Product Rights and Other Definite Lived Intangible Assets

Our product rights and other definite lived intangible assets are stated at cost, less accumulated amortization, and are amortized using the economic benefit model or the straight-line method over their estimated useful lives. We determine amortization periods for product rights and other definite lived intangible assets based on our assessment of various factors impacting estimated useful lives and cash flows. Such factors include the product’s position in its life cycle, the existence or absence of like products in the market, various other competitive and regulatory issues, and contractual terms. Significant changes to any of these factors may result in a reduction in the intangibles useful life and an acceleration of related amortization expense, which could cause our net results to decline.

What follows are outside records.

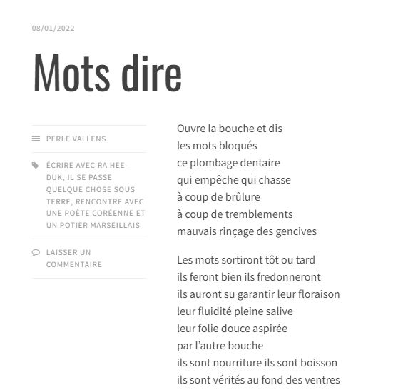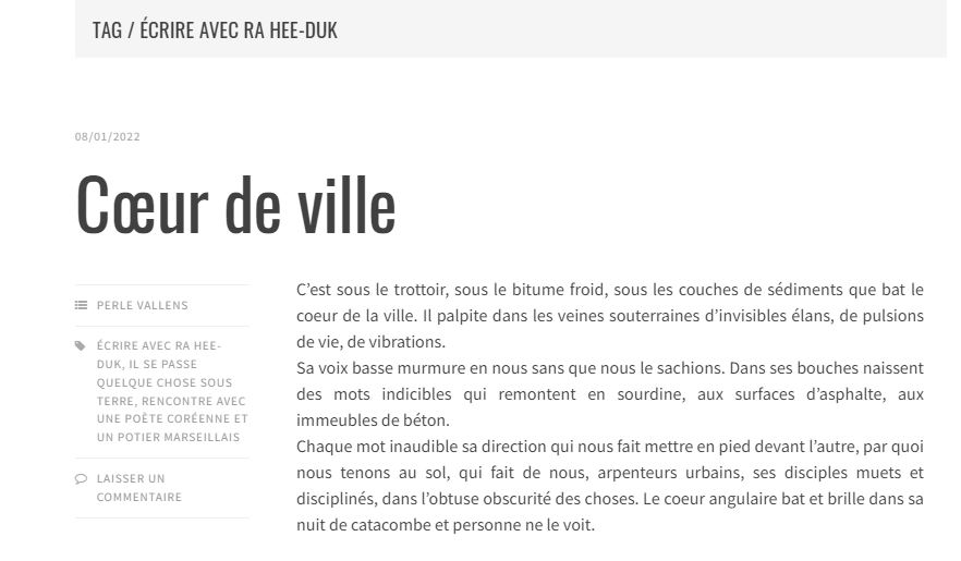 Ce mois-ci, ce sont Racine, Cœur de ville et Mots dire que Benjamin Milazzo, responsable de la revue avec Laura, a sélectionné pour le Miroir du jour. Vous pouvez lire ici tous mes textes parus sur la revue.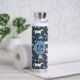 Quirky Cute Dog Rainbow Pattern Blue Personalised Water Bottle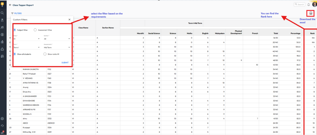 To view the topper students for each class, ensure that rank configuration and report card publishing is completed.

Product rights and other definite lived intangible assets are evaluated at the Product level to determine if the held-for-sale criteria are met in accordance with Financial Accounting Standards Board (“FASB”) Accounting Standards Codification (“ASC”) Topic 360, Property, Plant, and Equipment (“ASC 360”). If the held-for-sale criteria are met, then the Product would evaluate the asset for impairment under the held-for-sale model. If the held-for-sale criteria are not met at Product level, the product rights and other definite lived intangible assets should be evaluated to determine if any impairment indicators exists under the held-and-used model in accordance with ASC 360. It was determined that the held-for-sale criteria was not met at the Product level and therefore, we accounted for product rights and other definite lived intangible assets under the held-and-used model.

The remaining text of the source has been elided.